▶ **Given data**:

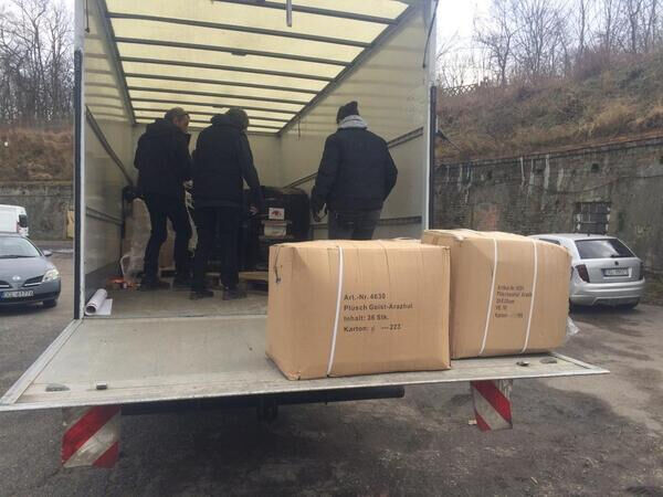 Stand heute, am 17. März, haben wir 61 Paletten (knapp 2 Sattelzüge) per Spedition auf den Weg gebracht. Weitere 10 Paletten warten auf ihre Abholung.
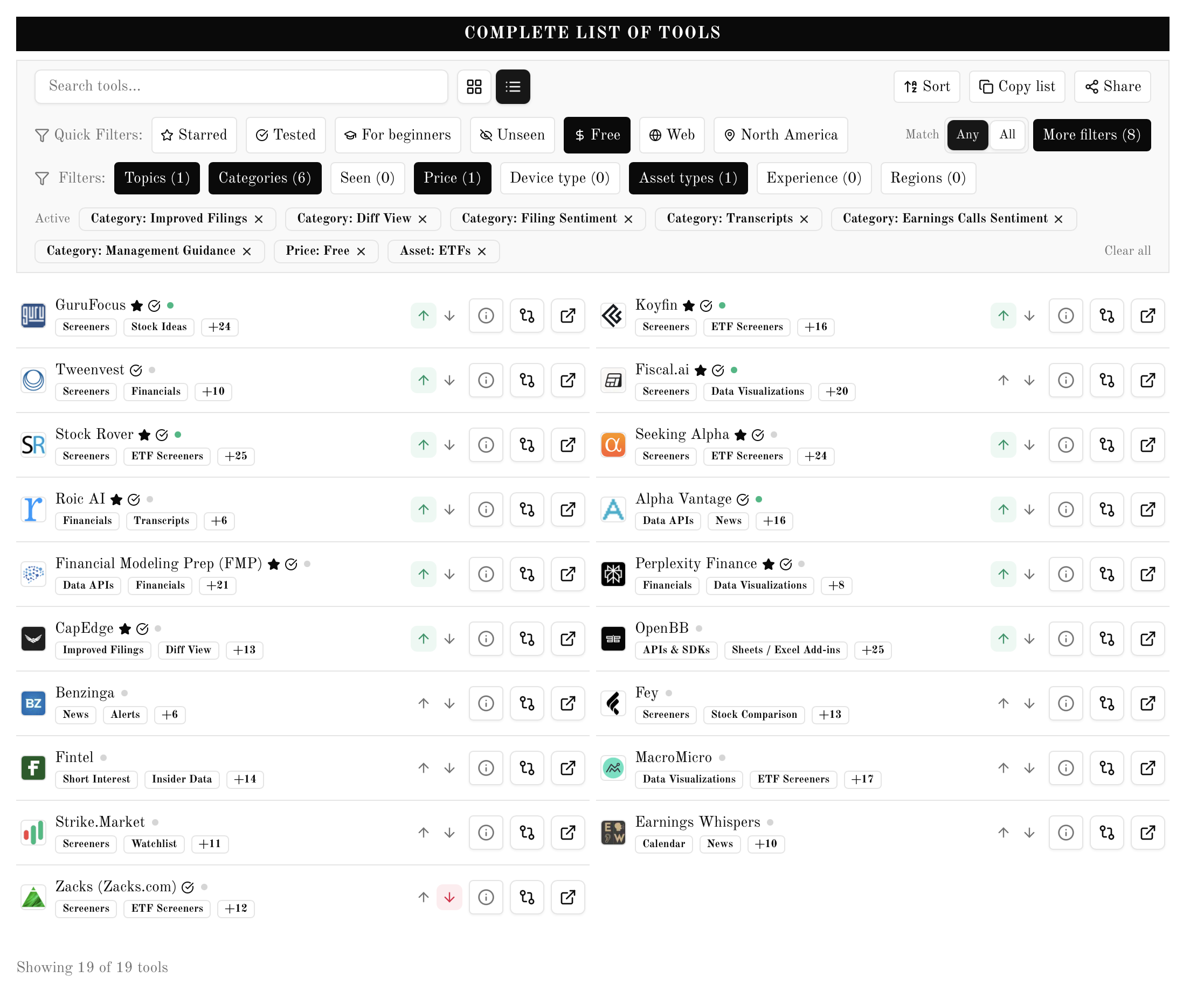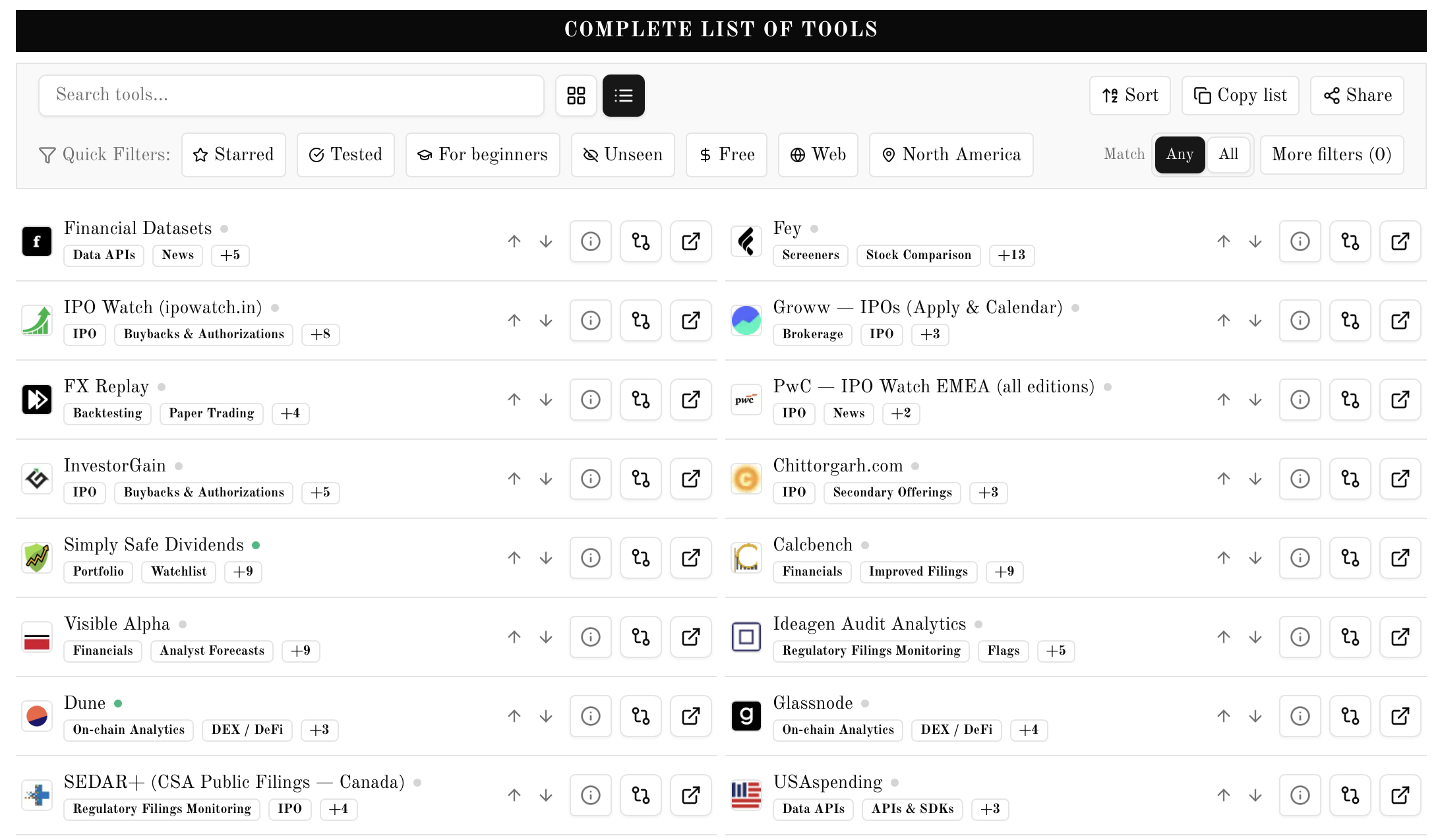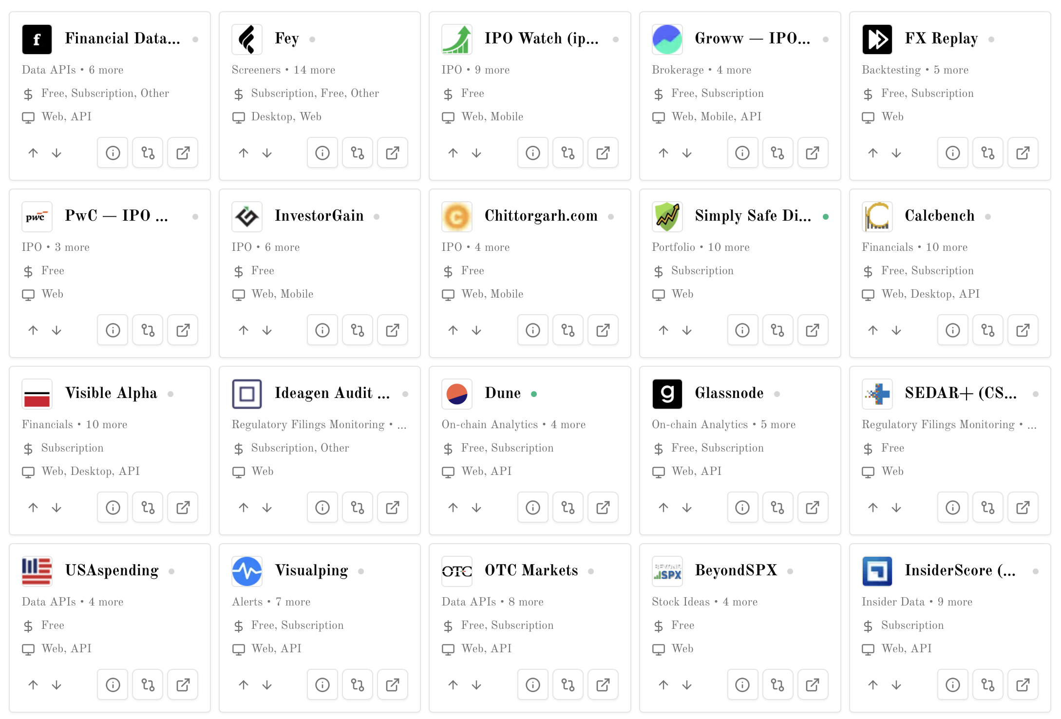 「Find My Moat」は、投資ツールをカテゴリー別にフィルターし、お気に入りを投票できるオープンデータベースで、投資家が優れたリソースを見つけやすくすることを目的としています。
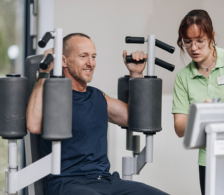 Bewegung ist ein zentraler Baustein für Gesundheit, Wohlbefinden und den langfristigen Erfolg der Rehabilitation. Gerade nach Erkrankungen oder Operationen unterstützt gezieltes Training den Körper dabei, Kraft, Ausdauer und Mobilität wiederaufzubauen und zu erhalten. Dabei achten wir stets darauf, dass Sport und Fitness individuell auf Ihre Belastbarkeit und Ihr Krankheitsbild abgestimmt sind.
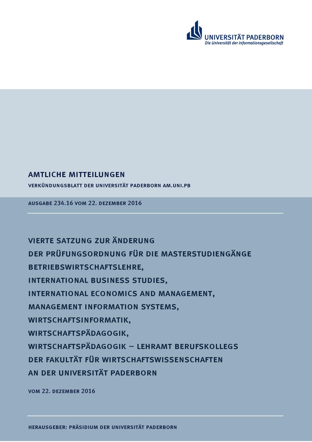 Vierte Satzung zur Änderung der Prüfungsordnung für die Masterstudiengänge Betriebswirtschaftslehre, International Business Studies, International Economics and Management, Management Information Systems, Wirtschaftsinformatik, Wirtschaftspädagogik, Wirtschaftspädagogik - Lehramt Berufskollegs der Fakultät für Wirtschaftswissenschaften an der Universität Paderborn : vom 22. Dezember 2016
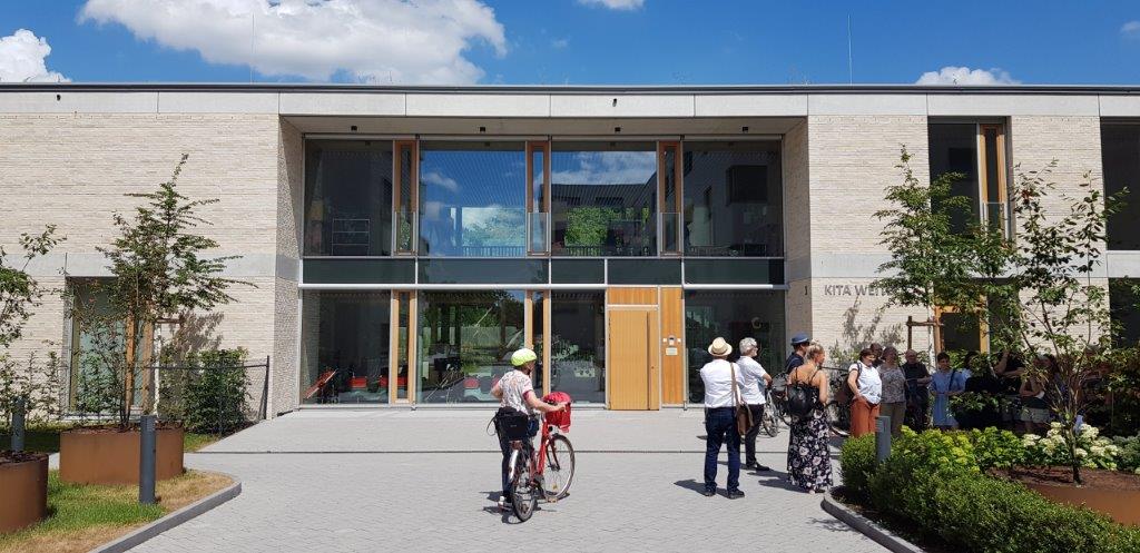 Als nächstes Projekt stand der Neubau der Kita Weitblick auf dem Programm. Geplant von DÍnka Scheible Hoffmann Lehwald Architekten aus Stuttgart wurde hier besonders Wert auf Bezüge zur benachbarten Wohnbebauung und auf freie Blicke in den angrenzenden Park gelegt
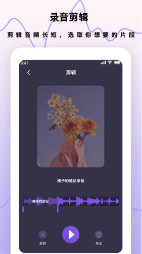 4,录音剪辑:支持裁剪本地音频文件,剪切需要的音频部分导出文件
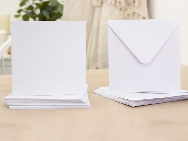 Ready to post - The pack includes 25 8” x 8” white envelopes. So, you can craft, write and post your cards to family and friends with ease. The card blanks are 300gsm and the matching envelopes are 100gsm - so whatever your cardmaking project, you can be sure of a professional finish!
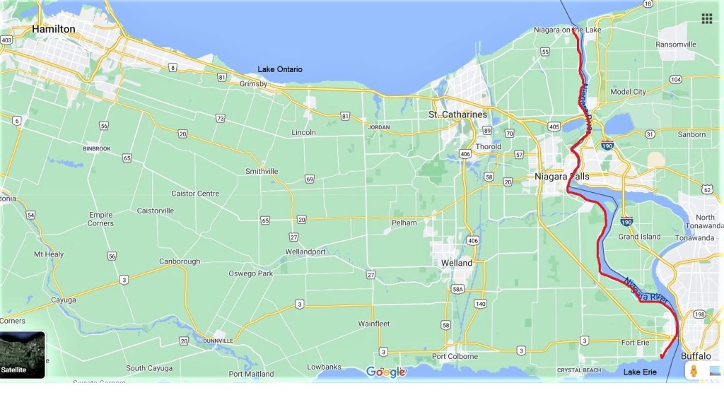 2. No, we have no intention of attempting to complete all 27,000 km of the Great Trail. It’s 30 times the length of the Bruce Trail, so it would take us about 75 years at our usual pace. As our current combined age is 141 years, I don’t need to spell out why a Great Trail End-to-End would be a bridge too far. What we plan to do is explore some local Great Trail highlights. One of the more appealing sections begins in Niagara-on-the-Lake and follows the Niagara River south (that is, upstream) via Niagara Falls to Fort Erie. We’ll follow this trail for more than 50 km, starting at Ricardo Street just east of downtown Niagara-on-the-Lake and finishing on the shore of Lake Erie. See the red line on the map above.
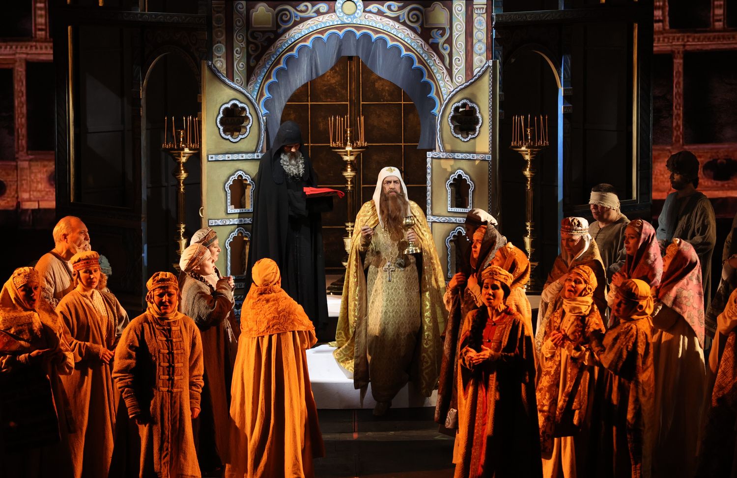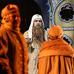 Далее Александр Соловьев взялся за исполнительскую сторону дела, и во многом преуспел. Звучание оркестра – хорошей выделки полотно, в котором основная «нить» – интеллигентность, проступавшая даже там, где необходимо было рвать и метать. И начинающему в «Опричнике» свой оперный путь Чайковскому это было к лицу. Команда солистов как один уверенно двигалась к поставленной дирижером цели: качественный вокал, пристальное внимание к смыслам, отличная артикуляция. Последнее давалось с наибольшим трудом. Но нашлись те, кто показал высший класс по части скульптурности слова, – это Антон Пузанов, выступивший в короткой партии престарелого претендента на руку героини, и Алексей Тихомиров в партии злодея Князя Вязьминского. Достойно выглядела пара Сергей Кузьмин в роли протагониста и Валентина Феденева – Наталья. Но никто не сумел использовать вокальные средства для лепки образов лучше, чем Екатерина Егорова – Боярыня Морозова и Вадим Волков – Басманов. Они и обозначили противоположные нравственные полюса оперы, между которыми мечется герой (хотя Басманова ли видел на одном из них Чайковский – вопрос).

▶ **What needs to be done**:
Take the material above and output only the lines from the one that contains "Vierte Satzung zur" through the one that contains "2. No, we have", ends included and images left out.

▶ **Task output**:
 Vierte Satzung zur Änderung der Prüfungsordnung für die Masterstudiengänge Betriebswirtschaftslehre, International Business Studies, International Economics and Management, Management Information Systems, Wirtschaftsinformatik, Wirtschaftspädagogik, Wirtschaftspädagogik - Lehramt Berufskollegs der Fakultät für Wirtschaftswissenschaften an der Universität Paderborn : vom 22. Dezember 2016
 Als nächstes Projekt stand der Neubau der Kita Weitblick auf dem Programm. Geplant von DÍnka Scheible Hoffmann Lehwald Architekten aus Stuttgart wurde hier besonders Wert auf Bezüge zur benachbarten Wohnbebauung und auf freie Blicke in den angrenzenden Park gelegt
 4,录音剪辑:支持裁剪本地音频文件,剪切需要的音频部分导出文件
 Ready to post - The pack includes 25 8” x 8” white envelopes. So, you can craft, write and post your cards to family and friends with ease. The card blanks are 300gsm and the matching envelopes are 100gsm - so whatever your cardmaking project, you can be sure of a professional finish!
 2. No, we have no intention of attempting to complete all 27,000 km of the Great Trail. It’s 30 times the length of the Bruce Trail, so it would take us about 75 years at our usual pace. As our current combined age is 141 years, I don’t need to spell out why a Great Trail End-to-End would be a bridge too far. What we plan to do is explore some local Great Trail highlights. One of the more appealing sections begins in Niagara-on-the-Lake and follows the Niagara River south (that is, upstream) via Niagara Falls to Fort Erie. We’ll follow this trail for more than 50 km, starting at Ricardo Street just east of downtown Niagara-on-the-Lake and finishing on the shore of Lake Erie. See the red line on the map above.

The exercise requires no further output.